The Cabo Verdean approach to life, or morabeza, is much more relaxed and prioritizes relationships — whether they be between humans, animals, or the environment – that are often forgotten or neglected. This approach is, as we quickly came to realize, far healthier (although initially for many of us, perhaps, far more stressful) than the isolated, contained, and controlled environments that we slowly let go of.
Perhaps the best lesson we received on this subject was during an overnight trip to Fogo, a volcanic island whose most recent eruption in 2014/2015 destroyed three villages and forced the evacuation of thousands. At night, we escaped from the heat emanating from the floors of our hut, which were built on the hardened volcanic lava and too hot to stand on in bare feet, to its rooftop.
Lying under the stars on top of the funco, a traditional house constructed from volcanic rock, with Pico do Fogo looming darkly in the background, our discussions gradually transitioned with the coming of dawn from volcanology to human resilience when faced with the uncertainty of life, exemplified so well by the people of Fogo. What sleep we lost that night was more than compensated by the simple experience of sharing our thoughts and discovering common ground in what we thought were very different life stories.
One hundred and twenty years ago, Joshua Slocum decided to enrich his everyday life by thoroughly altering its pattern and embarking on a quest to circumnavigate the globe. It took him more than three years to finally complete the journey, which, incidentally, was the world’s first successful solo sailing expedition around the world. Overseas travel has come a long way since Slocum’s time: it is becoming increasingly rarer to find someone who hasn’t crossed an ocean or two in their lives for work, school, and/or vacation.
While technology has made it easier to build international networks and experience new cultures, it has also made human interaction optional. Even on a journey that necessitated an immense amount of solo travel, Slocum still managed to make more friends than most international travelers today, who, with a mobile device and a host of apps as travel companions and guides, rarely allow themselves the time or opportunity to simply spend time with strangers.
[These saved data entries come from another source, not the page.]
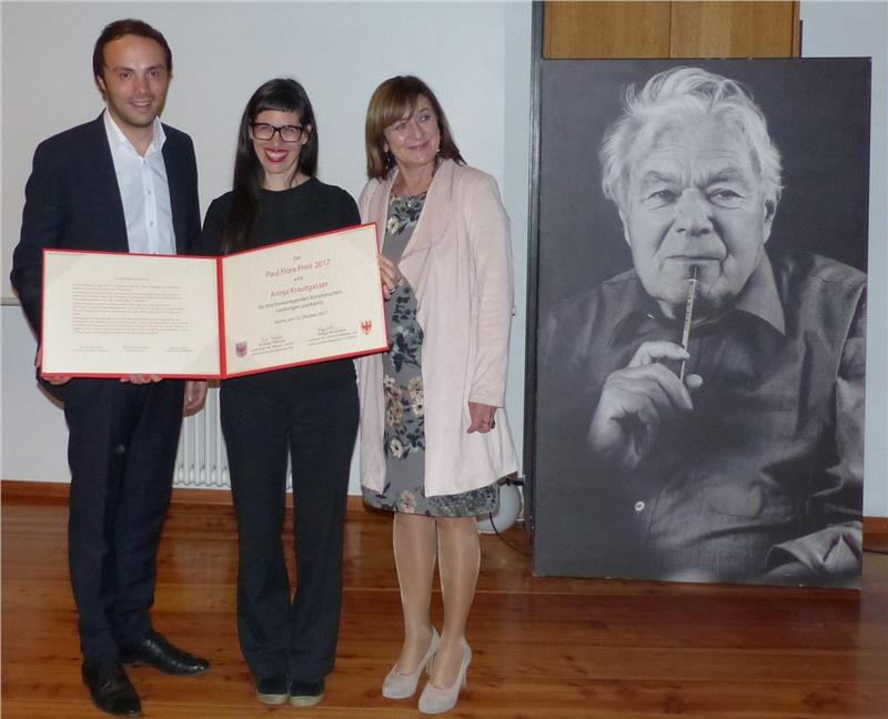 Annja Krautgasser ist die Trägerin des Paul-Flora-Preises 2017. Kulturlandesrat Philipp Achammer und seine Nordtiroler Amtskollegin Beate Palfrader haben heute Abend (12. Oktober) im Rathaus von Glurns der aus Tirol stammenden Künstlerin den mit 10.000 Euro dotierten Kunstpreis überreicht.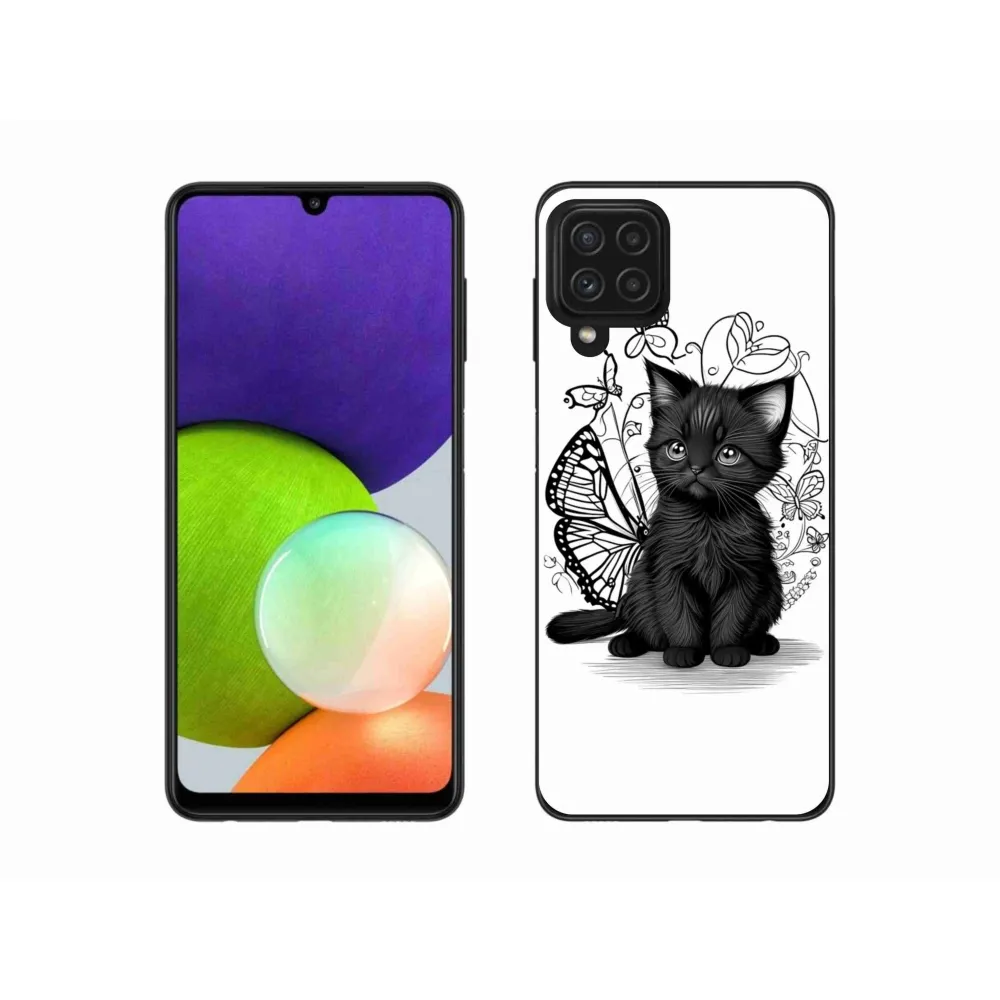 Pružný gelový obal mmCase s obrázkem na Samsung Galaxy A22 4G - černé kotě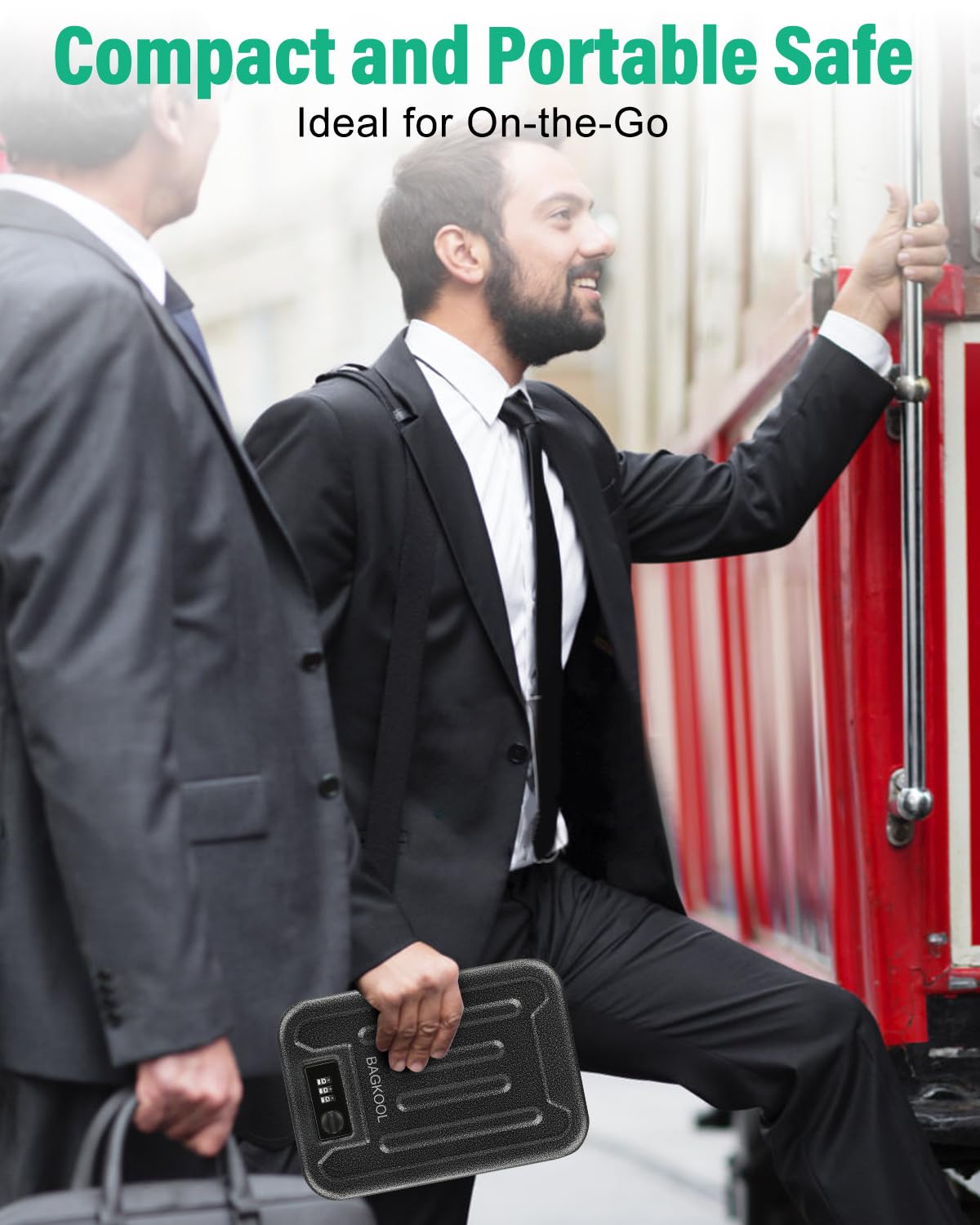 BAGKOOL Fireproof Security Box with 3-Digit Combination Lock, Portable Safe for Guns, Money, Documents - 39IN Patented Security Cable Included - Ideal for Valuables and Firearms, Size 9.4x6.5x2 IN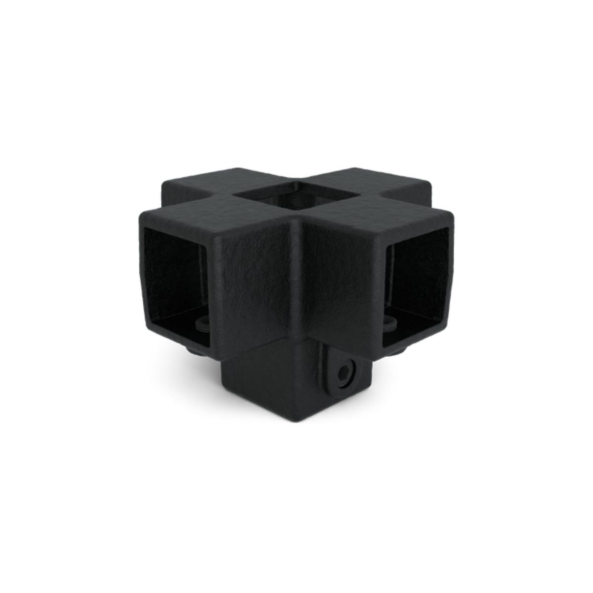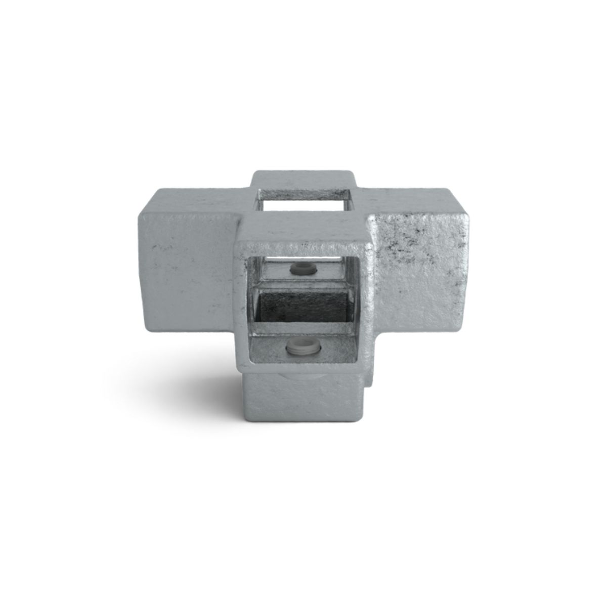 Fyrkantskoppling 4-vägs botten är en stark och mångsidig koppling för infästning av ett lodrätt rör tillsammans med fyra horisontella rör i 90°-vinkel. Perfekt för bottenramar och bärande konstruktioner.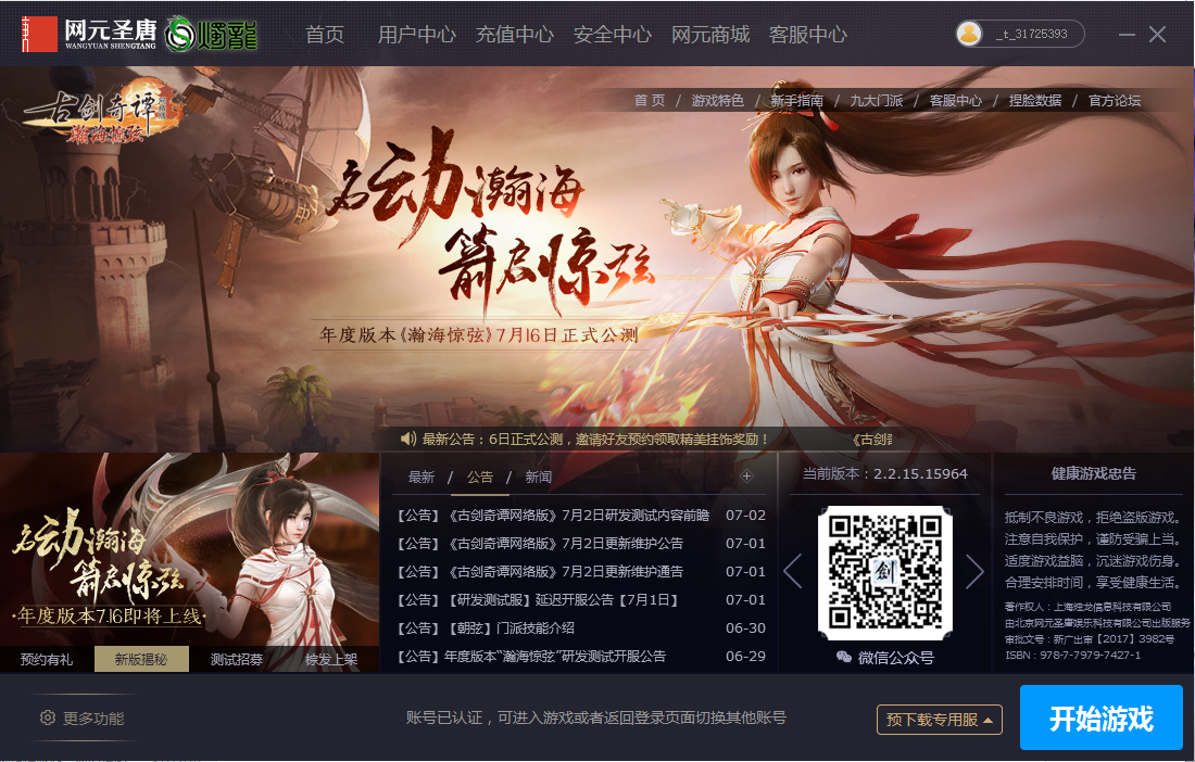 《古剑奇谭网络版》“瀚海惊弦”年度版本7月16日将正式上线,届时客户端将有较多资源更新,为了方便大家提前更新下载,特决定7月6日开启“瀚海惊弦”年度版本【预下载】!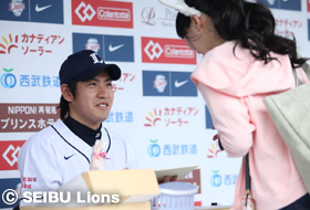 | 				 試合日  | 							 対戦相手  | 							 練習見学会 50組 100名  | 							 選手サイン会 30名  | 							 					グループ 30組 120名  | 							 親子応援隊 50組 100名  | 							 バットボーイ 2名  | 							 ふれあい野球教室 300名  | 		|
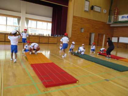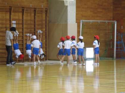 準備体操をしっかり行い、マット運動です。少し怖いなという気持ちは当然です。少しずつ技に挑戦している子供たちはとても素敵な顔をしています。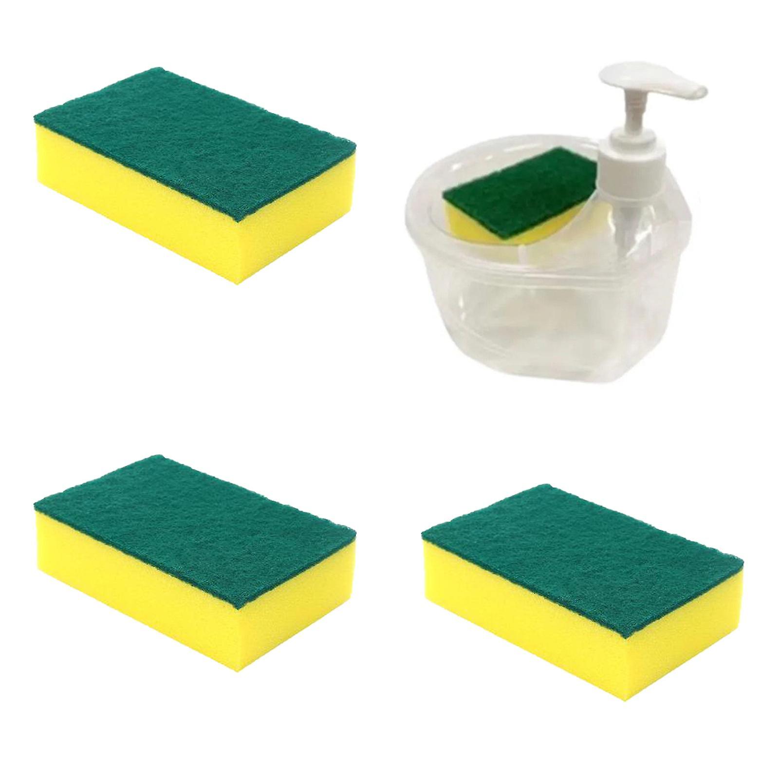 Kitchen Soap Dispenser with Scrubber Holder and 4 Sponges with Pump Portable Soap Liquid Pump Bottle for Home Countertop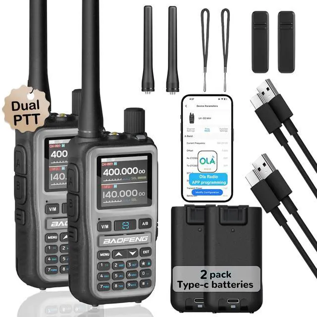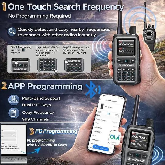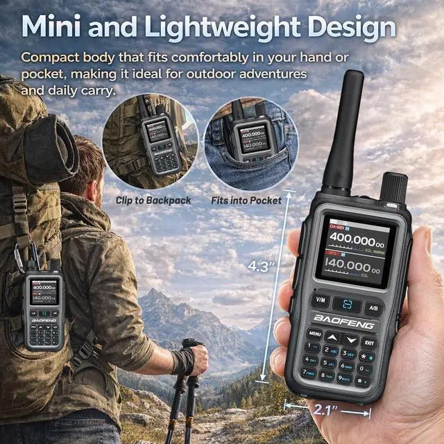 Easy Carry: Designed with portability in mind, this mini and lightweight handheld ham radio features a compact body that fits comfortably in your hand, pocket, backpack, or work vest. The small size makes it easy to carry during hiking, camping, traveling, or daily outdoor activities, without adding extra weight to your gear. The portable design allows you to keep dependable communication within reach whether you're exploring the outdoors, coordinating work tasks, or preparing for emergency situations. ^^ One-Touch Frequency Copy & Smart App Programming: Easily connect with nearby radios using the one-touch frequency search and copy function, allowing you to detect and match frequencies instantly without complicated manual setup. You can also program channels and customize settings through mobile app or PC programming, giving ham radio enthusiasts a faster and more flexible way to configure their radios for outdoor communication and team coordination. ^^ Dual PTT Keys & VOX Hands-Free Communication for Efficient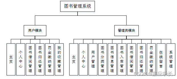 通过市场调研及咨询研究,了解了使用者及管理者的使用需求,于是制定了管理员和用户等模块。其功能结构图如下图4-1所示: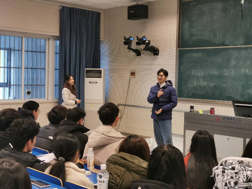 12月23日上午八点,校2020年本科教学示范公开课下半年第十一讲在花津校区行知楼2070501录播教室进行。本次公开课由校青年教学基本功大赛一等奖、省智慧教学大赛文科组一等奖、省级课程思政名师获得者张荻副教授主讲。校教务处、本科教学督导团的领导老师、德赢AC米兰合作伙伴党委副书记宋静、教学副院长马梅、院督导组组长丁云亮及部分中青年教师到场观摩学习。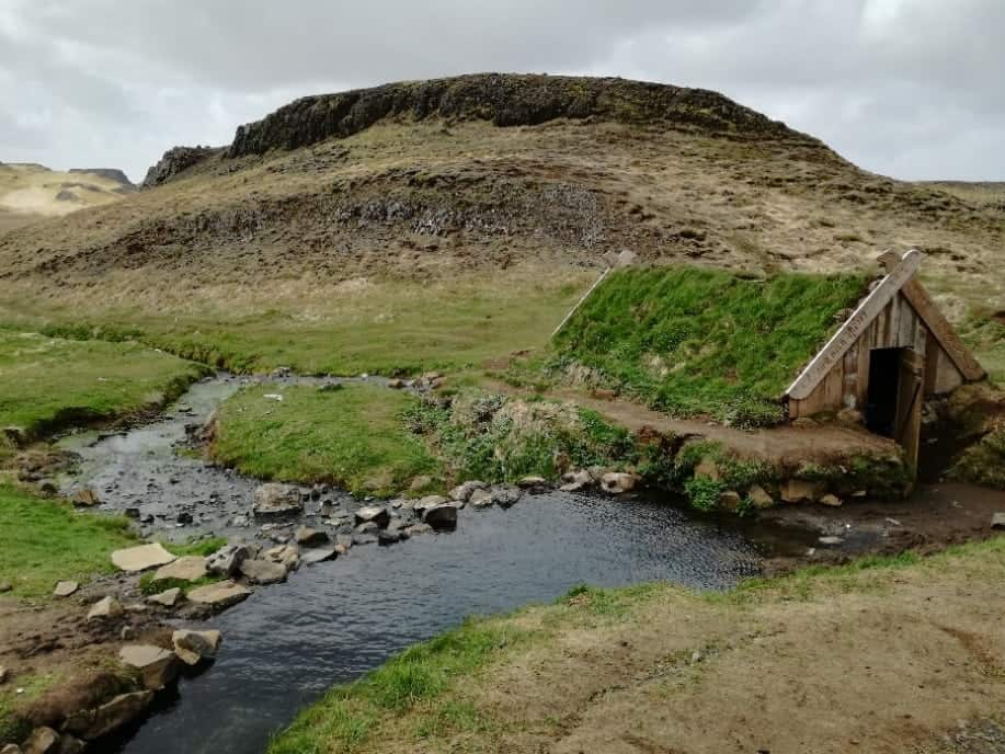 In contrast to the day before we really wanted to undress this day! We went to Hrunalaug hot spring (natural spa) close to Flúdir. We had it for ourselves and it was quiet so we could hear the steady stream of warm and comforting water trickles into the approximately 1 m2 tiny pool.
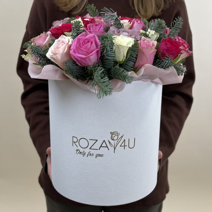 Теги: Зимние букеты Кому Любимой Маме Новый Год Одноголовые розы Повод Розы в круглой коробке Торжество Универсальные Юбилей Букеты роз Цветы и букеты в коробке Композиции Букеты к праздникам Тип букета Яркие Состав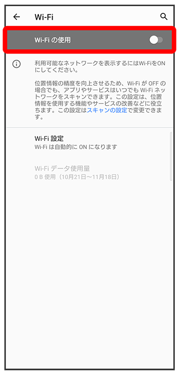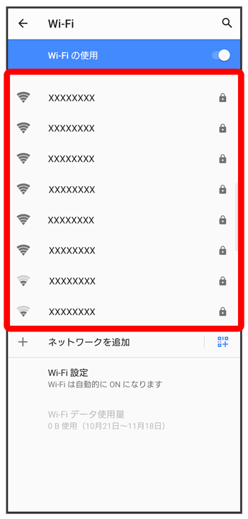 - Wi-Fi ネットワークがスキャンされます。スキャンが終わると、画面に利用できるWi-Fi ネットワークが表示されます。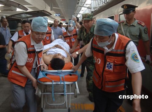 組圖:地震災(zāi)區(qū)首趟運(yùn)送傷員專(zhuān)列順利抵達(dá)重慶(5)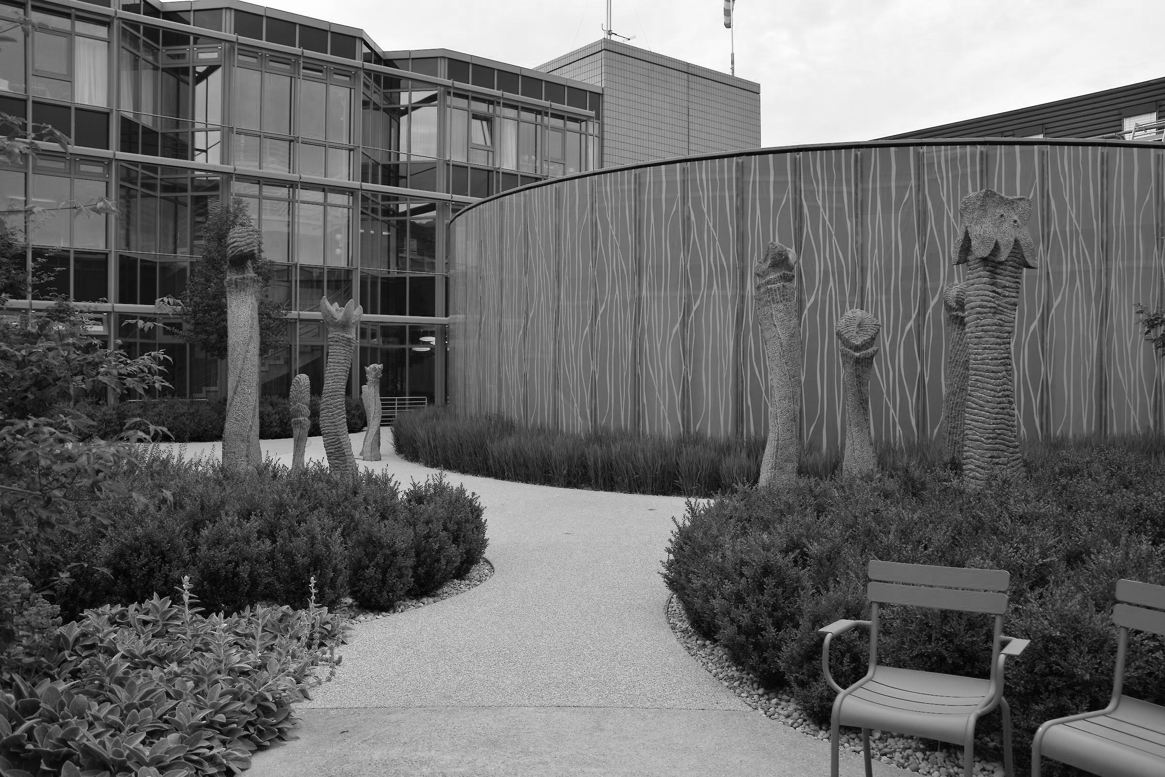 - Jardin de rêve, sculptures et environnement, pierre de Soignies, pierre du Jura, sable, Medtronic Europe, Tolochenaz/Morges

There is always a schedule or a timeline to meet – whether it is back-to-back business meetings, academic seminars, or jam-packed family holiday agendas, and there never seems to be enough time or money to do it all. Given these demands, how can one justify the time and expense of unstructured, unscheduled time in a foreign country with complete strangers?
I can’t give you quantitative data or even irrefutable arguments. I can only share with you the words of my Cabo Verdean “twin” Manu, which I think best capture this feeling: “To know that on the other side of the ocean, there is someone who understands you, who identifies much with what you think or do, is simply spectacular.”